It’s not always easy to think of ideas to draw. I get many ideas when I’m bored or nothing else is happening, like when I am driving a straight stretch of road in my car. But sometimes I don’t have boring stretches of life anymore - I keep pretty busy with my art practice and my baby. Sometimes I am so out of ideas that I do yet another self portrait. I promise I’m not self-obsessed, there’s just no one else around, and I’ve ushered all the magazines with models in them out of my place in an effort to Kon Mari what is within my power, while an asteroid belt of Fisher Price toys encircles my studio area.
This is why I personally need a low-stakes prompt factory. One of my favorite things about hanging out with little kids is they have unbridled prompting, they ask me “Draw a ninja bee! Draw a unicorn surfing!” and it’s so much fun because I don’t remember what it’s like to come up with random ideas like that in .5 seconds. I like to think of myself as someone who is overflowing with ideas, but it isn’t always true.

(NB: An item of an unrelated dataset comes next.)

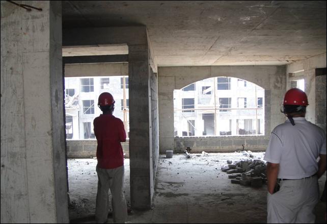 目前绝大栋号完成封顶,正在进行砌筑施工。剩余栋号预计6月26日全部完成封顶,然后开始墙体砌筑施工。按照认购书要求,六月底即将进行第二次交款。预计七月初,建筑主体的施工将初步完成,下一步将进行室内装饰、布线及外网道路的施工。

To make prompting more random and easy, I created a prompt jar lately. Here is how I did it. I made two sheets of red words representing objects and places, and one sheet of style or themes in green words.
From there, I cut out all the words and put the word strips in a jar. The goal is to draw at least two red strips and one green one, and illustrate that. The first prompt I drew from the jar was: Door, Supernova, 1990s music video.
I was really happy with this prompt! Going forward, prompt-jarring won’t be a bad way to do warmups unless I have something specific to warm up on. I’ll post drawings I make from the jar as I get more prompts created.